The Il-62 offers accommodation for up to 198 passengers in a single-class layout, seated six-abreast at 84 cm (33 in) seat pitch in two cabins separated by a vestibule, galley/pantry and cabin crew rest area. There are three toilets, forward, midships, and aft. It has a buffet/bar and a further cabin crew rest area in a vestibule forward, with a further optional cabin crew rest area aft. Typical mixed-class accommodation ranges between 128 and 144, seated four or six abreast, and a common single aisle configuration for long distance Aeroflot examples was first class (2-abreast) 3 rows, business class (3-abreast) 4 rows, economy class (3-abreast) 17 rows (Thiel, 2001). In this configuration, the central aisle in business and economy classes is quite narrow.
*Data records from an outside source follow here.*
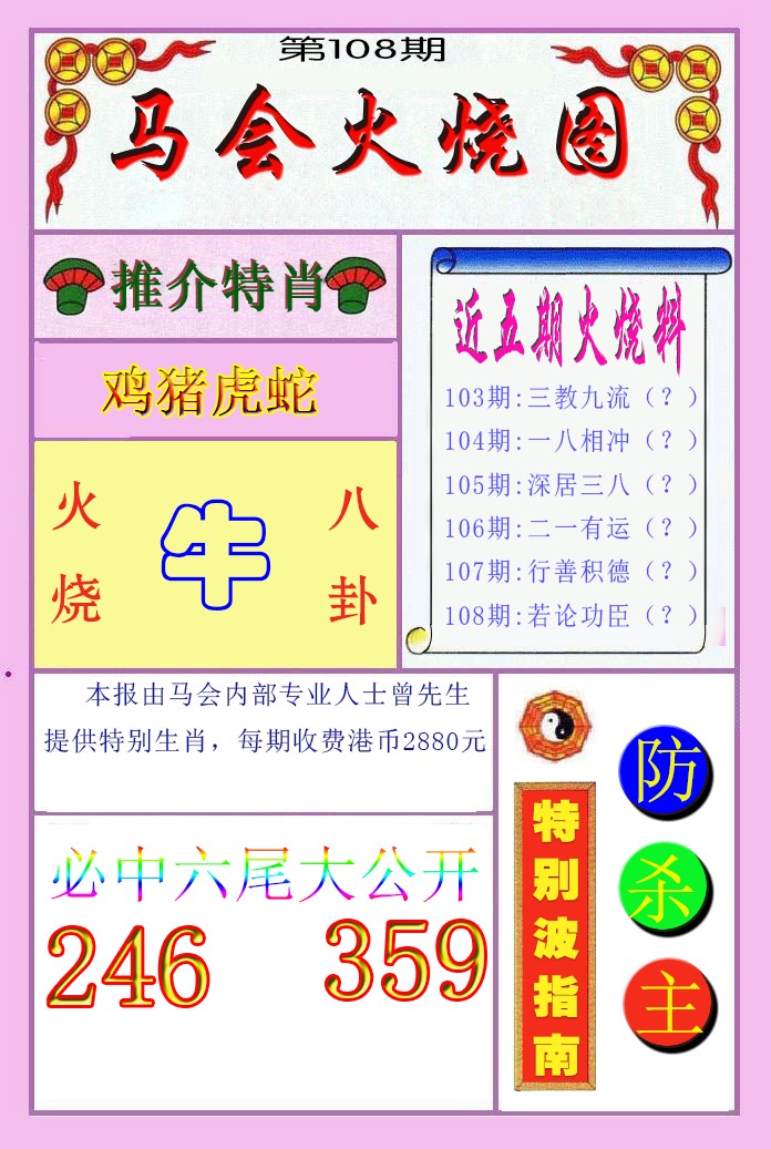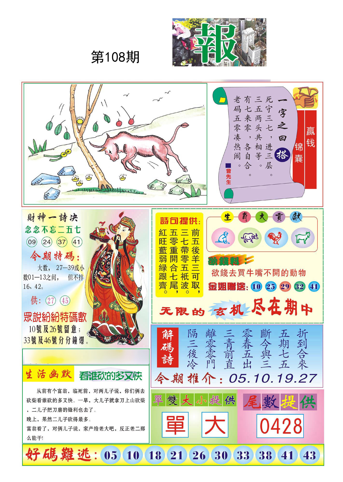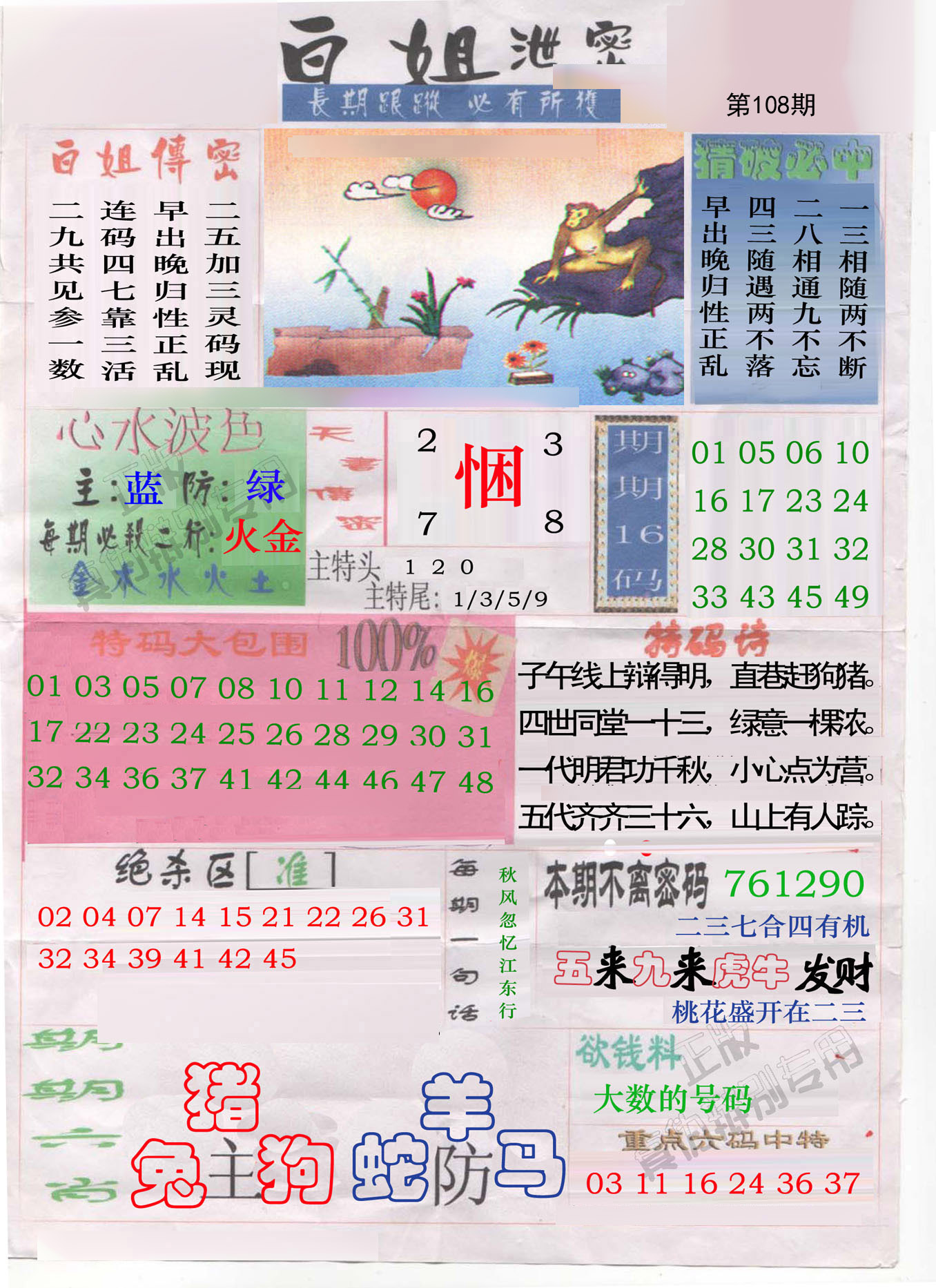 | 108期;绝杀【猪肖】绝杀【1尾】开:?00 |
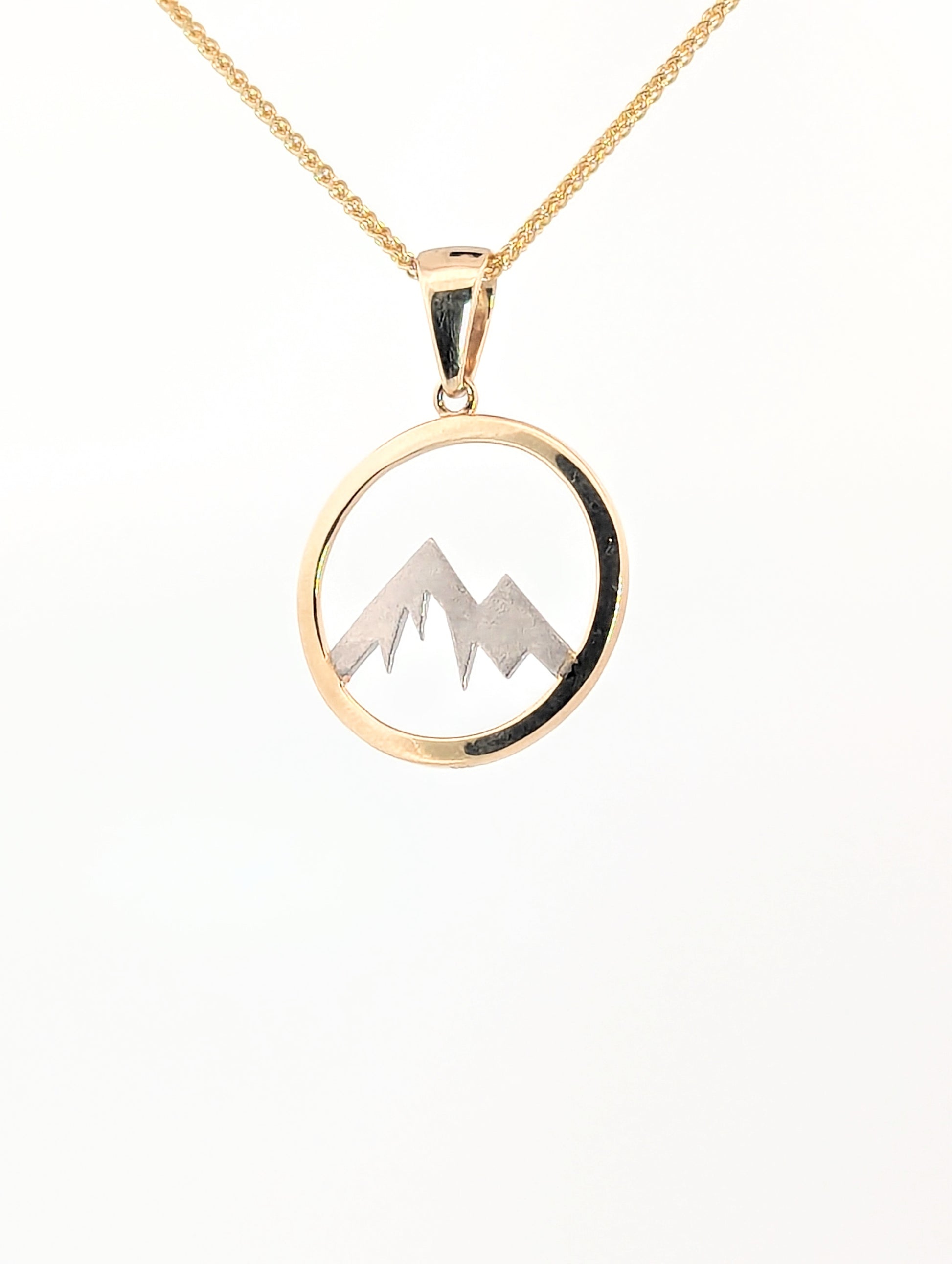 This beautiful mountain scape silhouette elegantly hangs serving as a reminder of the simple beauty of the outdoors. The circular 14 karat yellow gold frame conveys a sense of warmth, highlighting the striking landscape of the mountains as they suspend in white gold against their scenery.
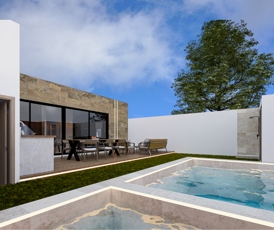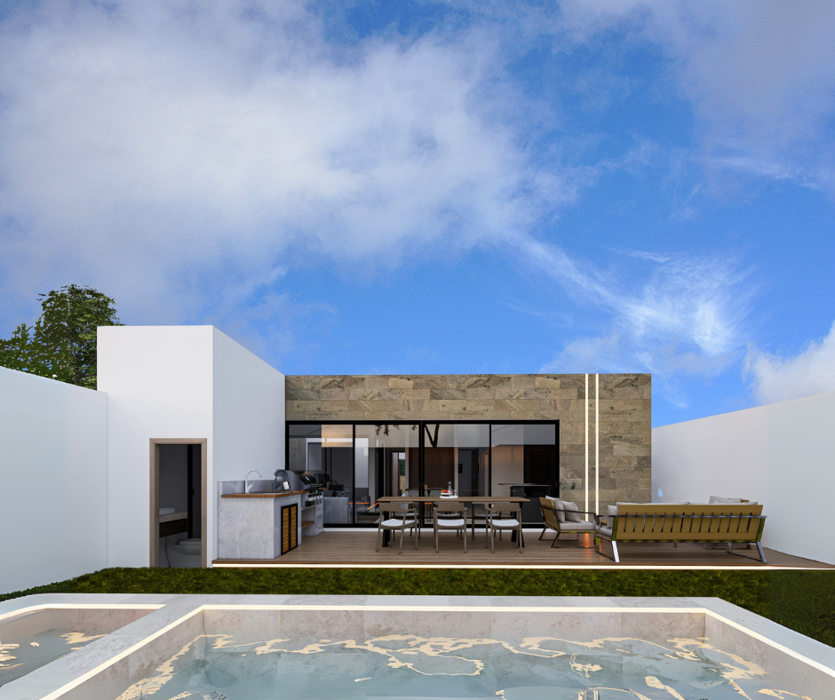 El proyecto arquitectónico incluye un patio diseñado para el disfrute y la convivencia, donde se integra una área de asador y un comedor exterior que invitan a compartir momentos memorables al aire libre.
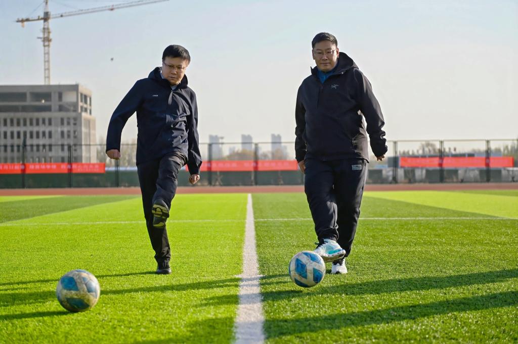 王君松与诸葛福民共同为比赛开球,诸葛福民向重返母校的各位校友表示诚挚欢迎,对第二届校友足球赛的顺利开幕表示热烈祝贺。他表示校友足球赛不仅是一场体育竞技,更是连接母校与校友、凝聚校友情谊的重要桥梁,学校一直以来高度重视校友工作,关心校友发展,今后将持续组织校友活动,加强校友与校友,校友与母校的链接,助力校友与母校同成长、共进步。
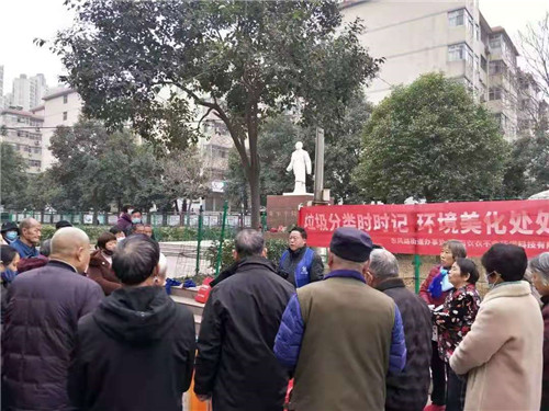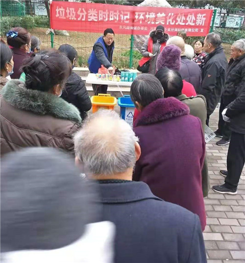 11月25日,东风路办事处宋砦社区的志愿者与河南衣衣不舍环保科技有限公司垃圾分类宣传员们一起,来到辖区广场展开垃圾分类户外宣传。
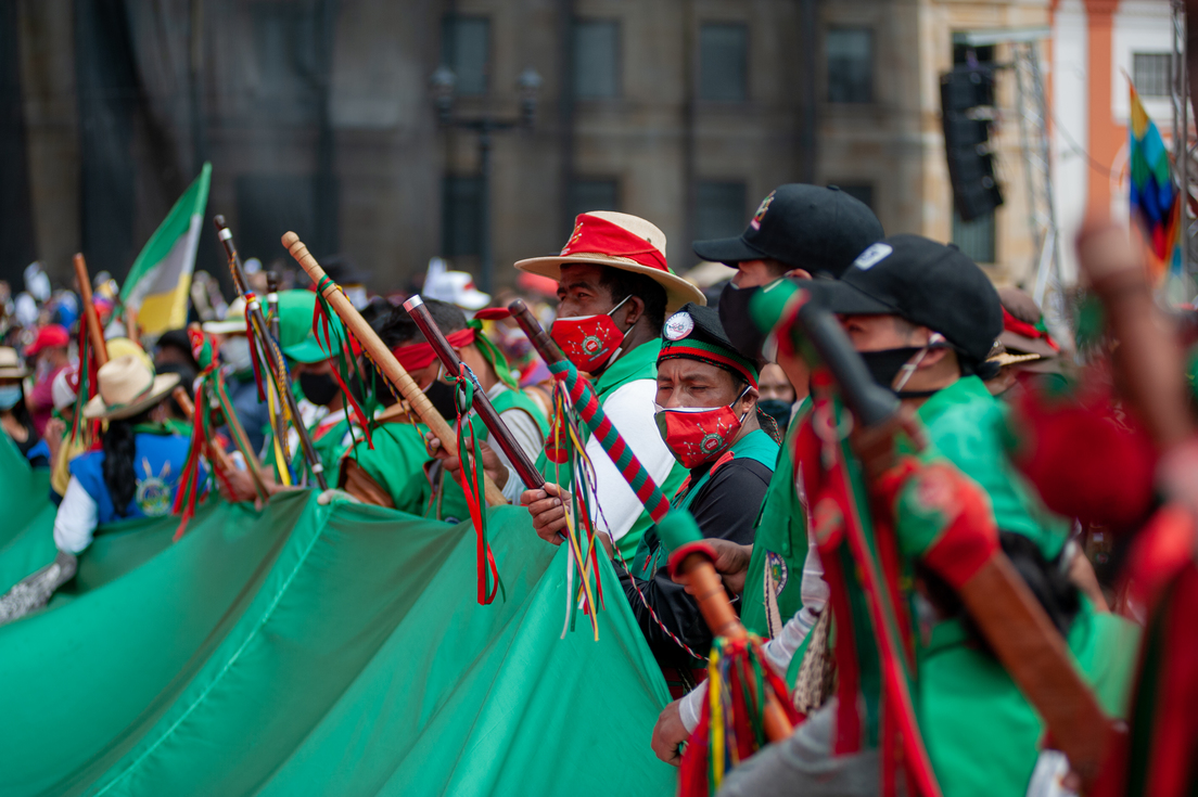Durante las movilizaciones antigubernamentales contra el gobierno de Iván Duque (2018-2022), los manifestantes indígenas que se trasladaron a las grandes capitales a pedir la presencia estatal en sus territorios y el cese de la violencia, de la que son las principales víctimas, fueron duramente reprimidos por los miembros del extinto Escuadrón Móvil Antidisturbios (ESMAD) y atacados por civiles armados, principalmente en la ciudad de Cali (Valle del Cauca).
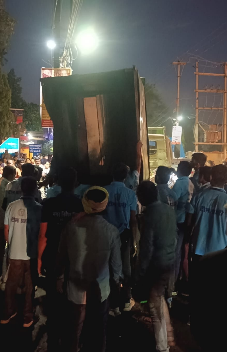 रायपुर – रायपुर जिला कलेक्टर डॉक्टर गौरव कुमार सिंह के आदेशानुसार और नगर पालिक निगम रायपुर के आयुक्त विश्वदीप और जिला वरिष्ठ पुलिस अधीक्षक डॉक्टर लाल उम्मेद सिंह के निर्देशानुसार एवं नगर निगम अपर आयुक्त पंकज के. शर्मा, उपायुक्त डॉ. अंजलि शर्मा, नगर निवेशक आभाष मिश्रा, आशुतोष सिंह, सभी जोन कमिश्नरों, कार्यपालन अभियंताओं के मार्ग निर्देशन में टीम प्रहरी द्वारा नगर निगम क्षेत्र के अंतर्गत सभी जोनों के नगर निवेश विभाग के अधिकारियों की उपस्थिति में राजधानी शहर रायपुर नगर निगम क्षेत्र में जनहित में जनसुविधा हेतु मुख्य मार्गों एवं बाजार क्षेत्रो में अभियान चलाकर यातायात पुलिस बल की उपस्थिति में अतिक्रमण एवं अवैध कब्जे हटाकर सडक यातायात सुगम और सुव्यवस्थित बनाने कार्यवाही जारी है। इस क्रम में आज टीम प्रहरी के अभियान के अंतर्गत नगर निगम मुख्यालय नगर निवेश उड़न दस्ता और नगर निवेश जोन क्रमांक 7 की टीम ने समता कॉलोनी मुख्य मार्ग में अभियान चलाकर मार्ग को लगभग 12 ठेलों और लगभग 23 विज्ञापन बोर्ड को जप्त करते हुए जनहित में जनसुविधा हेतु कब्जामुक्त करवाकर जोन 7 जोन कमिश्नर राकेश शर्मा एवं कार्यपालन अभियंता ईश्वर लाल टावरे के मार्गनिर्देशन उप अभियंता नगर निवेश सुश्री रूचिका मिश्रा की उपस्थिति में सुगम और सुव्यवस्थित यातायात कायम कर नागरिकों को त्वरित राहत दिलवायी ।
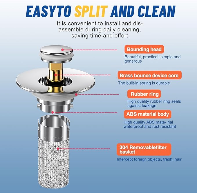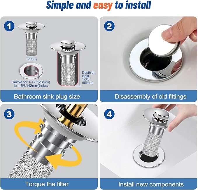 2Pcs Bathroom Sink Stopper Hair Catcher, Pop Up Sink Drain Filter with Removable Stainless Steel Filter Basket Hair Catcher, for US Bathroom Sink Stopper Replacement (2PCS)
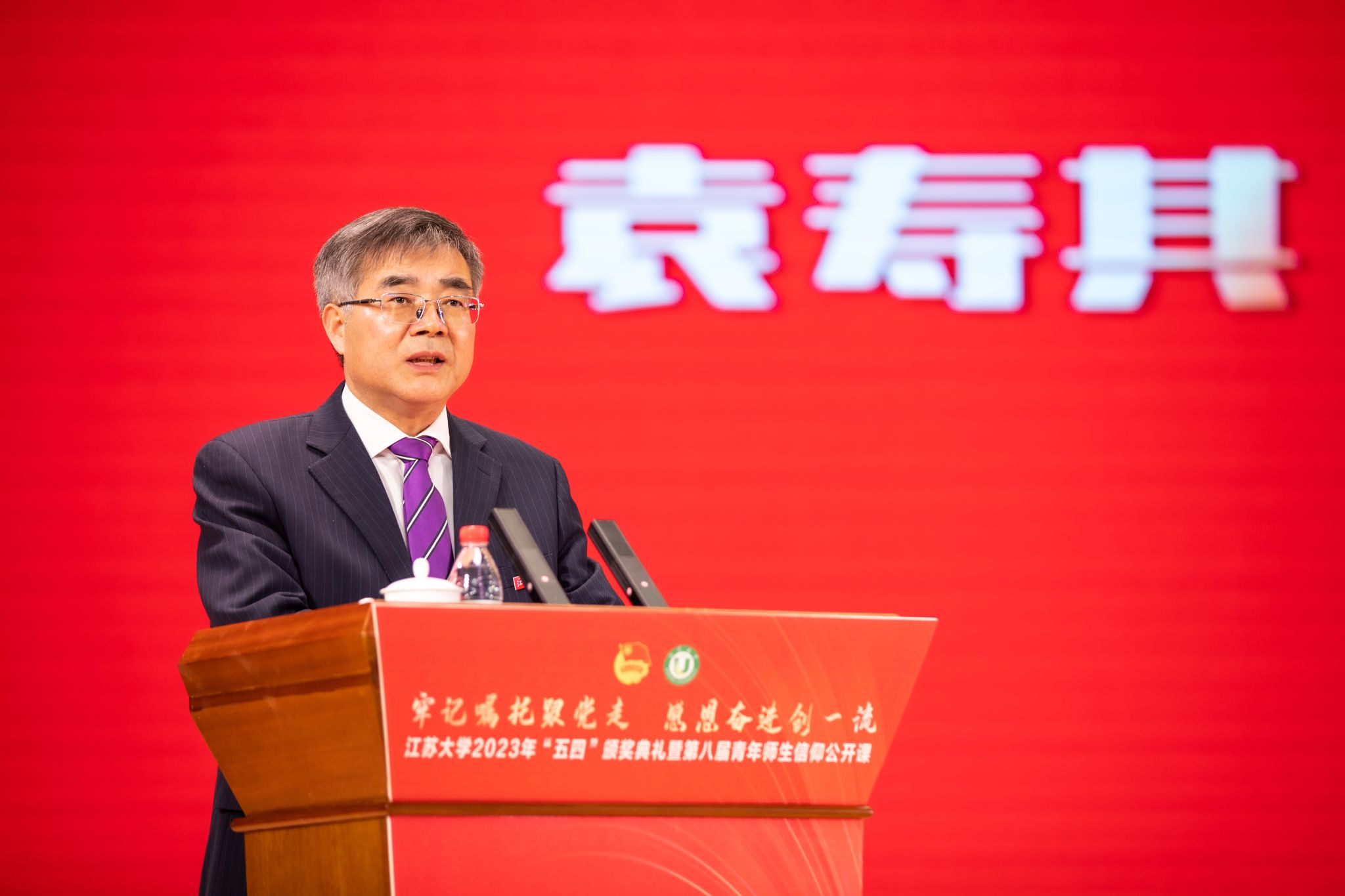 袁寿其在典礼上讲话,向全校团员青年提出三点希望。一要以青春之信仰逐梦新时代,做永跟党走的忠实传人。要深入学习党的创新理论,从内心深处厚植对党的信赖、对中国特色社会主义的信心、对马克思主义的信仰,坚定不移听党话、跟党走,切实把青春理想融入到党和人民的事业中,做有志气、有追求、有抱负的新时代青年。二要以青春之奋斗扬帆新征程,做本领过硬的时代先锋。要以先进为榜样,立大志、下大力、成大才、担大任,在新征程上成就最好的自我、一流的人生。三要以青春之作为扛起新使命,做挺膺担当的复兴栋梁。要传承好、发扬好江大人的“精神衣钵”,到祖国最需要的地方去,到现代化建设和乡村振兴的最前沿,把最好的论文写在祖国大地上,不负党的嘱托、不负青春韶华,努力成长为各行业的“弄潮儿”,创造出这一代江大人的青春业绩。
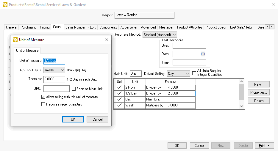 Enter Day into the Main Unit entry. Note that the Main Unit of measure entry must be set as day. Click on the New button and enter the standard unit of measure for each rental period option. The unit of measure options can be ignored within the default settings and entered into each item individually if the rental periods (unit of measure) vary greatly. The following examples may be applicable for rental service items:
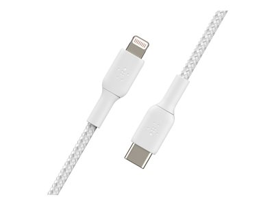Belkin BoostCharge - Lightning-kabel - 24 pin USB-C hane till Lightning hane - 1 m - vit - USB-strömförsörjning (18W)
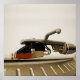 A 12-inch LP being played. The stylus is in contact with the surface by wikipedia: A phonographic record (also known as a gramophone record, especially in British English), often simply recorded, is a storage medium for analogue sound in the form of a flat disc with an inscribed modulated spiral groove. The groove usually starts near the periphery and ends near the centre of the disc. Initially, the discs were commonly made of shellac; starting in the 1940s, polyvinyl chloride became common. Since
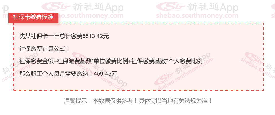 由上图得知,沈某社保卡一年需要缴纳5513.42元,个人部分每月需要缴纳459.45元,若您想要了解明细点击新社通社保计算器,来了解一下明细吧。
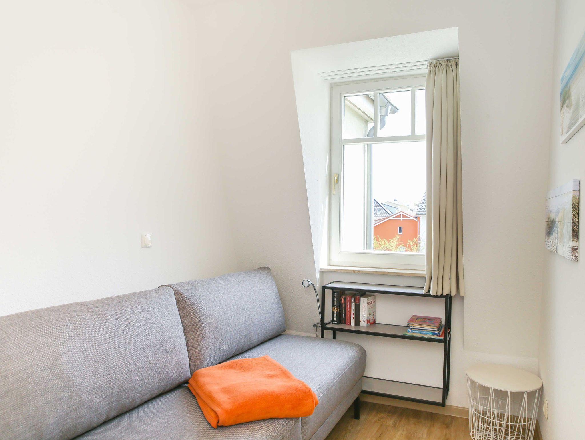 Die ca. 31 qm große Ferienwohnung liegt in der II. Etage hat neben dem Wohnzimmer noch ein Schlaf- und ein Gästezimmer, eine Küchenzeile sowie ein Duschbad und einen Balkon.

A first class compartment is optionally sited aft of forward entry door or just forward of midships entry door, with an economy compartment further forward in the latter case. "Skycot" fitments are located in hatracks, while later Il-62Ms (1978 onwards) feature enclosed hatracks. Customer-optionable interior fitments. No in-flight entertainment systems are available except a public-address system that may be coupled to an open-reel or audio cassette player. Individual aircraft were experimentally fitted with television sets for Soviet-standard videotape entertainment during the 1970s. Some aircraft were retrospectively fitted with Western in-flight entertainment (solely audio) systems after 1991.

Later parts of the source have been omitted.